To those of you who may have heard about the Lucene/Solr book that I and two 
others are writing on Lucene and Solr, some bad and good news. The bad news: 
The book contract with O’Reilly has been canceled. The good news: I’m going to 
proceed with self-publishing (possibly on Lulu or even Amazon) a somewhat 
reduced scope Solr-only Reference Guide (with hints of Lucene). The scope of 
the previous effort was too great, even for O’Reilly – a book larger than 800 
pages (or even 600) that was heavy on reference and lighter on “guide” just 
wasn’t fitting in with their traditional “guide” model. In truth, Solr is just 
too complex for a simple guide that covers it all, let alone Lucene as well.

I’ll announce more details in the coming weeks, but I expect to publish an 
e-book-only version of the book, focused on Solr reference (and plenty of guide 
as well), possibly on Lulu, plus eventually publish 4-8 individual print 
volumes for people who really want the paper. One model I may pursue is to 
offer the current, incomplete, raw, rough, draft as a $7.99 e-book, with the 
promise of updates every two weeks or a month as new and revised content and 
new releases of Solr become available. Maybe the individual e-book volumes 
would be $2 or $3. These are just preliminary ideas. Feel free to let me know 
what seems reasonable or excessive.

For paper: Do people really want perfect bound, or would you prefer spiral 
bound that lies flat and folds back easily? I suppose we could offer both – 
which should be considered “premium”?

I’ll announce more details next week. The immediate goal will be to get the 
“raw rough draft” available to everyone ASAP.

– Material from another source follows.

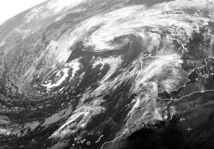 Der Ausschnitt zeigt einen Tiefdruck-Komplex auf dem Atlantik. Schon zu erkennen ist der Unterschied zwischen dem steuernden Tief süwestlich von Irland, das den charakteristischen Wolkenschirm hat der in warmer Tropenluft entsthet. Dagegen ist das kleine Tief südwestlich eher ein Strömungswirbel in der kälteren Polarluft und der Wolkenschirm fehlt. Dafür entstehen zum Teil kräftige Gewitter, die sich hellweiß aus der umgebenden Menge flacherer Quellwolken abheben.
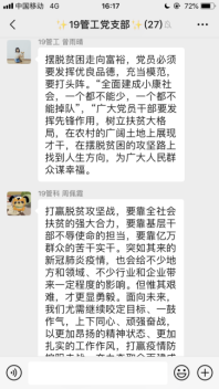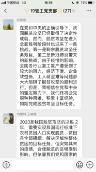 为深入学习贯彻习近平总书记在决战决胜脱贫攻坚座谈会上的重要讲话精神和十八大以来习近平总书记的青春寄语,激励党员勇于担当、积极奋斗,纽约国际最新网站2019级管理科学与工程党支部于2020年5月13日至14日在线上开展了“学习习近平总书记在决战决胜脱贫攻坚座谈会上的重要讲话精神,重温习近平总书记青春寄语”主题党日活动。本次活动由党支部书记王怡文主持,共计26名党员参加。

For those of you who have been early reviewers – your effort will not have been 
in vain. I have all your comments and will address them over the next month or 
two or three.

Just for some clarity, the existing Solr Wiki and even the recent contribution 
of the LucidWorks Solr Reference to Apache really are still great contributions 
to general knowledge about Solr, but the book is intended to go much deeper 
into detail, especially with loads of examples and a lot more narrative guide. 
For example, the book has a complete list of the analyzer filters, each with a 
clean one-liner description. Ditto for every parameter (although I would note 
that the LucidWorks Solr Reference does a decent job of that as well.) Maybe, 
eventually, everything in the book COULD (and will) be integrated into the 
standard Solr doc, but until then, a single, integrated reference really is 
sorely needed. And, the book has a lot of narrative guide and walking through 
examples as well. Over time, I’m sure both will evolve. And just to be clear, 
the book is not a simple repurposing of the Solr wiki content – EVERY 
description of everything has been written fresh, from scratch. So, for 
example, analyzer filters get both short one-liner summary descriptions as well 
as more detailed descriptions, plus formal attribute specifications and 
numerous examples, including sample input and outputs (the LucidWorks Solr 
Reference does a better job with examples as well.)

The book has been written in parallel with branch_4x and that will continue.